Изменить размер шрифта - +

 

В июле у Тани родилась дочка. Когда санитарка в роддоме впервые положила ей на руки тугой сверток застиранных пеленок, Таня с изумлением и невольным страхом стала вглядываться в крошечное сморщенное личико. Подумалось почему-то: вдруг девочка окажется похожей на отца, и ей тяжело будет видеть в ребенке Сережины черты. Но маленькая Ася – именно так она решила назвать дочь – взглянула на нее ее собственными, серо-голубыми внимательными глазами, сдвинула белые бровки и зашлась сердитым требовательным криком. Внешностью она явно пошла в мать, а вот характер имела куда более боевой и сильный. Впрочем, Таня иногда задумывалась о том, какой бы выросла она сама, не случись с ней смерть отца, предательство матери и детский дом. И клялась самой себе, что Асеньке не придется испытать ничего подобного. Она всегда будет рядом, жизнь положит, лишь бы девочка росла в любви и достатке.

Правда, с достатком как раз было непросто. Детскую коляску ей подарила на выписку из роддома Ирка – наверное, раскрутила на такую дорогую вещь своего Жженого. В ней Асенька и гуляла, в ней и спала – Таня после прогулки затаскивала коляску по лестнице в общажный коридор, протирала колеса и завозила ее в свою комнату. На пеленки и распашонки хватило декретных выплат.

Ирка, правда, ругала ее:

– Что ты чистоплюйничаешь, кулема? Надо поэта твоего замшелого на алименты раскрутить. По суду! А что, умел хрен совать, куда не надо, пусть и отвечает теперь. Почему ты должна одна корячиться, ребенка поднимать?

Но мысль о том, чтобы рассказывать чужим людям о том, как Сережа соблазнил ее, чего-то требовать от него, выдерживать нападки его рыжей стервы, которая наверняка попытается опротестовать ее заявление, была такой омерзительной. К тому же Таня вроде бы пока неплохо справлялась сама и надеялась, что так будет и дальше.
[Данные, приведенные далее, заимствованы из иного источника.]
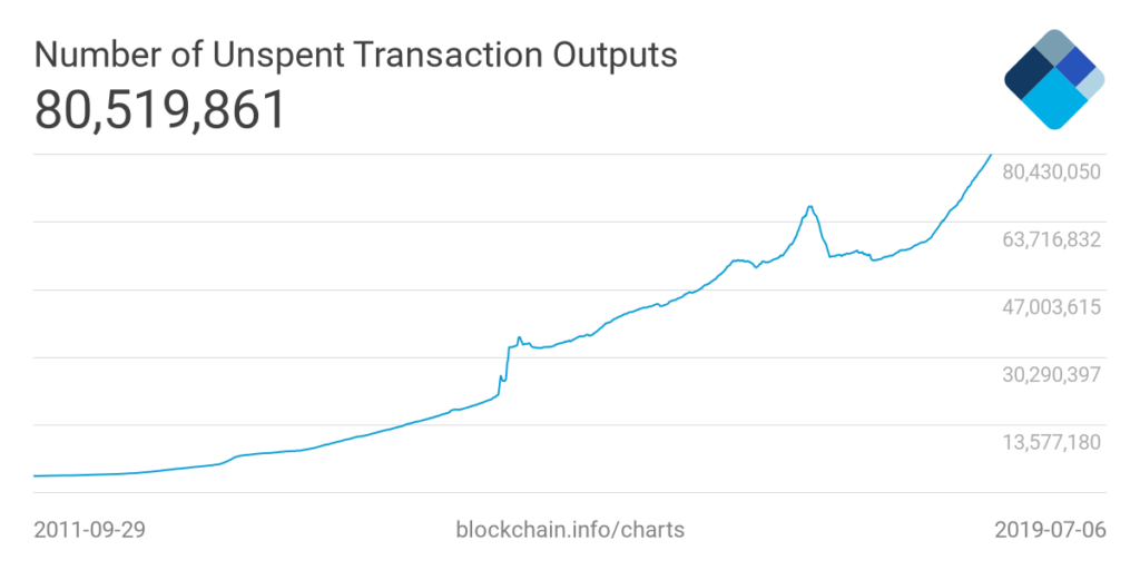 Dwa ostatnie aspekty, w których sieć Bitcoin odnotowuje największą dotychczas osiągniętą miarę wielkości to blockchain i niewydane transakcje wyjściowe (UTXO).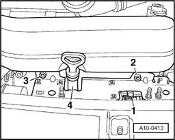 - Unbolt bracket for solenoid valves -2- and -3- in front of intake manifold and detach dipstick guide tube -4-.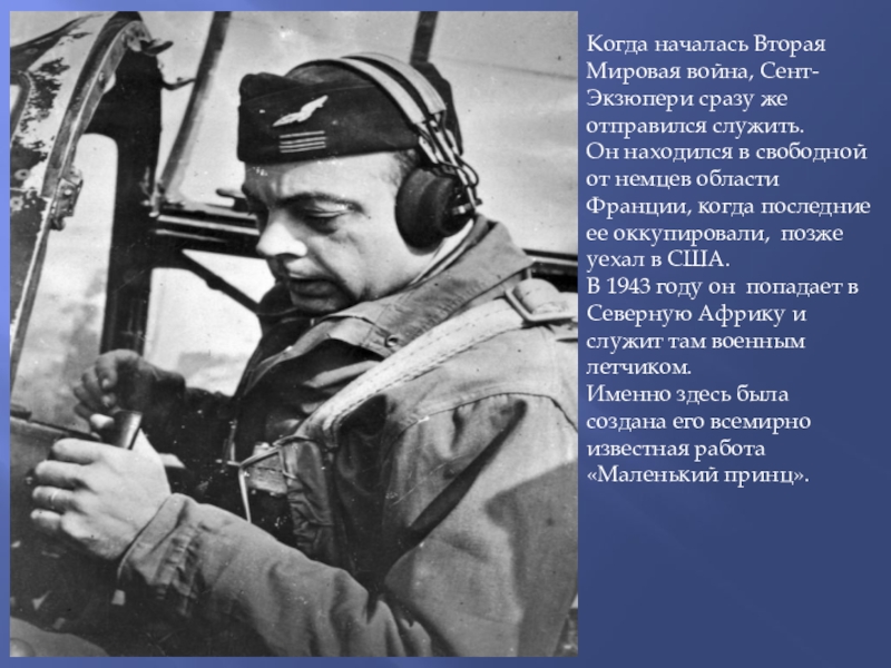 Слайд 3Когда началась Вторая Мировая война, Сент-Экзюпери сразу же отправился служить.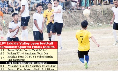 Jalukie, March 6 (MExN): Nallong (White) FC and Jalukie B Youth (A) won their respective semi-final matches to set up a final clash at the 15th Jalukie Valley Open Football Tournament on March 8.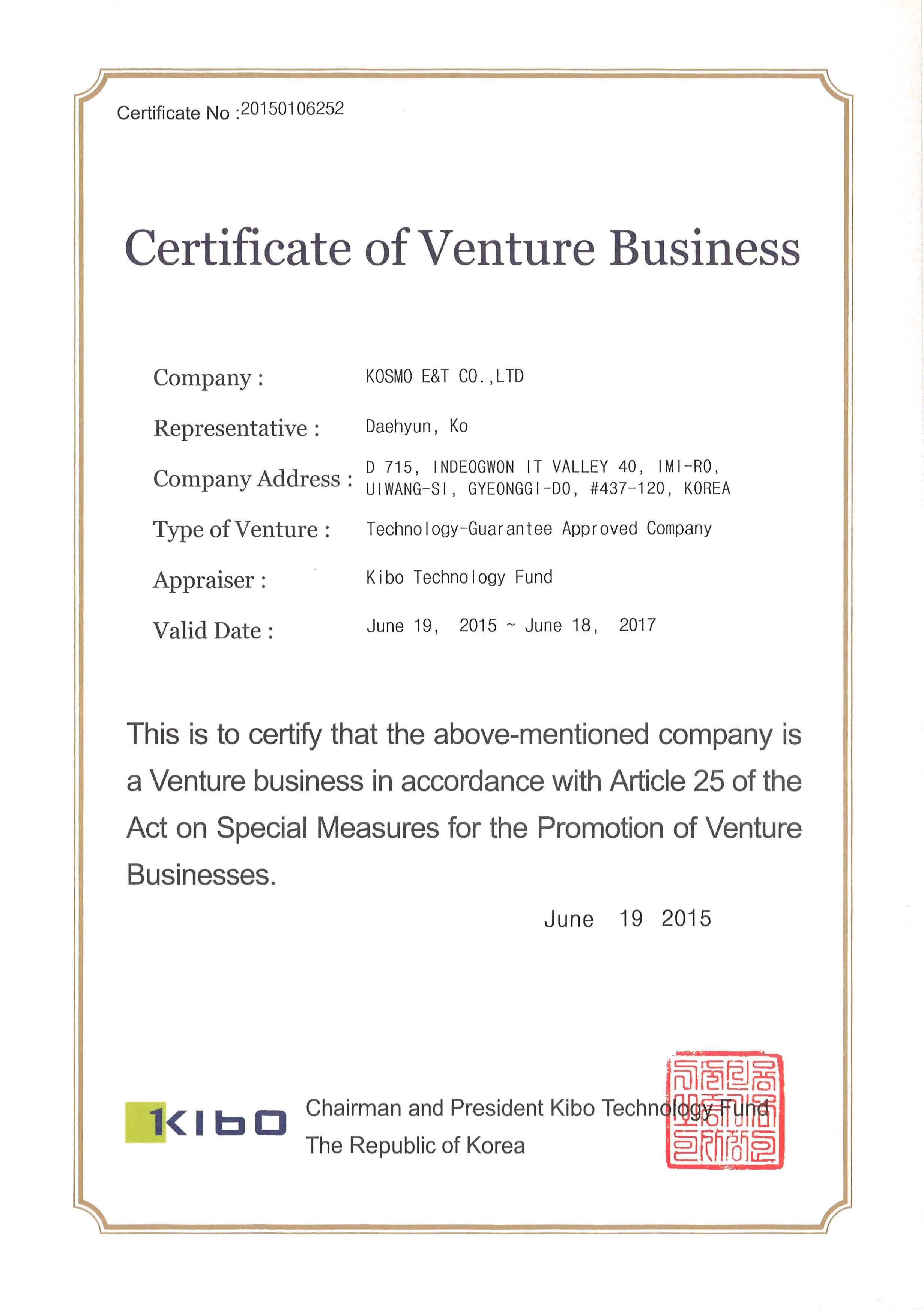 Certificate of Venture Business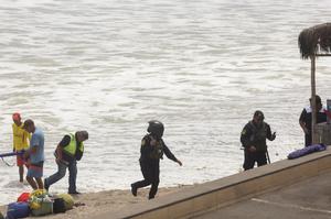 (260314) -- LIMA, 14 marzo, 2026 (Xinhua) - Policías supervisan el cierre de la playa debido a la presencia de oleaje anómalo en la playa San Bartolo, en el sur de Lima, Perú, el 14 de marzo de 2026. (Xinhua/Mariana Bazo) (mb) (rtg) (ra) (da)
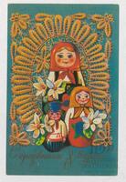 Tarjeta Postal de felicitación por el Día internacional de la mujer con dibujo de unas matrioskas. En el anverso de la postal se aprecian las palabras en ruso Felices fiestas 8 de marzo y en el reverso se muestra un mensaje manuscrito en español de Taty para Miriam, Mirita y Wydma.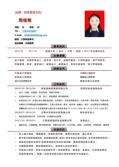本人性格热情开朗,做事认真负责,细心务实,有较强的发展、提升意识,能够客观地分析和处理问题,注重团体精神,有良好的公共关系意识。中级会计职称,会计从业经验五年,具备一定的专业胜任能力和较好的学习沟通能力。 最近一份工作属国有独资公司,担任全盘会计及担保业务工作,负责与县政府、财政局、税务、工商、银行、企业沟通联系。在职期间据赣财经[2018]54号文件精神获小微企业专项奖补资金30.7万元(2021年)及20.3万元(2022年)。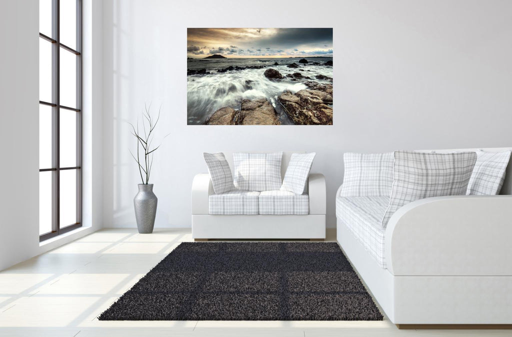 Whether standing in your house or on coastal rocks, look out onto the ocean and enjoy. Tempered or toughened glass is a type of safety glass processed by controlled thermal or chemical treatments to increase its strength compared with normal glass. The high-resolution artwork behind hit, coupled with elements of foil will mezmerize your guests. It is incredibly vibrant and alone will add a dramatic affect to your room. We overbox these large 40x60 pieces of art so it will arrive saftely to your home or office. We also have added special hanging hardware, exclusive to Classy Art, to the back to make haning this pice quick and easy.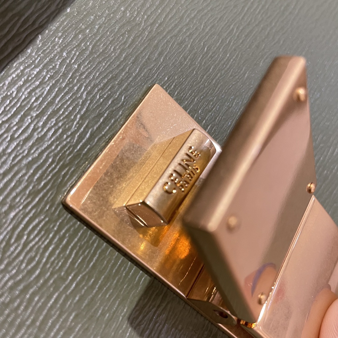 CELINE BOX整個包的五金部分都是純銅表面電鍍24k真金,五金表面的做舊效果是通過振機打磨,也就是機器反復撞擊后形成的“磨花”效果,不過要強調的是,雖然五金看起來“磨花”,實際上表面非常的光滑。

Однако вскоре наступили тяжелые времена.

Советский Союз, государство, в котором Таня родилась, развалился. Страна на всех парах неслась в неизведанное будущее. Цены, еще вчера бывшие одинаковыми во всех магазинах, в одночасье взлетели. И однажды утром Таня обнаружила, что денег, оставшихся у нее до конца месяца, не хватит даже на килограмммяса.

Таня кое-как перебивалась с гречки на перловку, ходила полуголодная и однажды, пытаясь затащить тяжеленную коляску по лестнице, едва не упала в голодный обморок.

– Ты чего, Соловьева, зенки залила уже с утра? – со смехом крикнула ей Нинка, соседка по общежитию, увидев, как Таня, пошатнувшись, тяжело привалилась к стене.

Проснувшаяся Ася заплакала в коляске. Таня из последних сил втолкнула коляску по ступенькам, вытащила Асю и, тихонько бормоча что-то успокоительное, прижала дочь к себе. Впервые ей стало по-настоящему страшно. Как жить дальше? Ведь от голода у нее может пропасть молоко, Асенька останется голодная. И теплый комбинезон ей на зиму нужен. Что же делать?

С комбинезоном снова помогла Ирка. Она же иногда подкармливала Таню, приносила то палку дорогой колбасы, то пачку пельменей. Таня пыталась отказываться, но Ирка только махала рукой.

– Ой, прекрати, гордая какая. Скоро с голоду сдохнешь от своей гордости. Ты лучше скажи, как, не надумала с кем-нибудь из жженовских друзей поближе познакомиться, а?

Таня лишь отрицательно качала головой. Но в душе все чаще поднималась вызывавшая гадливость мысль: а что, если им с Асенькой действительно будет грозить голодная смерть? А для того, чтобы ее спасти, ей всего лишь и нужно будет лечь в постель с кем-то из этих толстомордых бандюганов в малиновых пиджаках. Неужели она откажется? Неужели не пойдет на это ради счастья дочери? Но Таня гнала эти соображения. Должен, должен был быть какой-то другой выход.

Однажды Ирка, задумчиво глянув на Таню, сказала:

– Работать бы тебе пойти. Что там это пособие – слезы.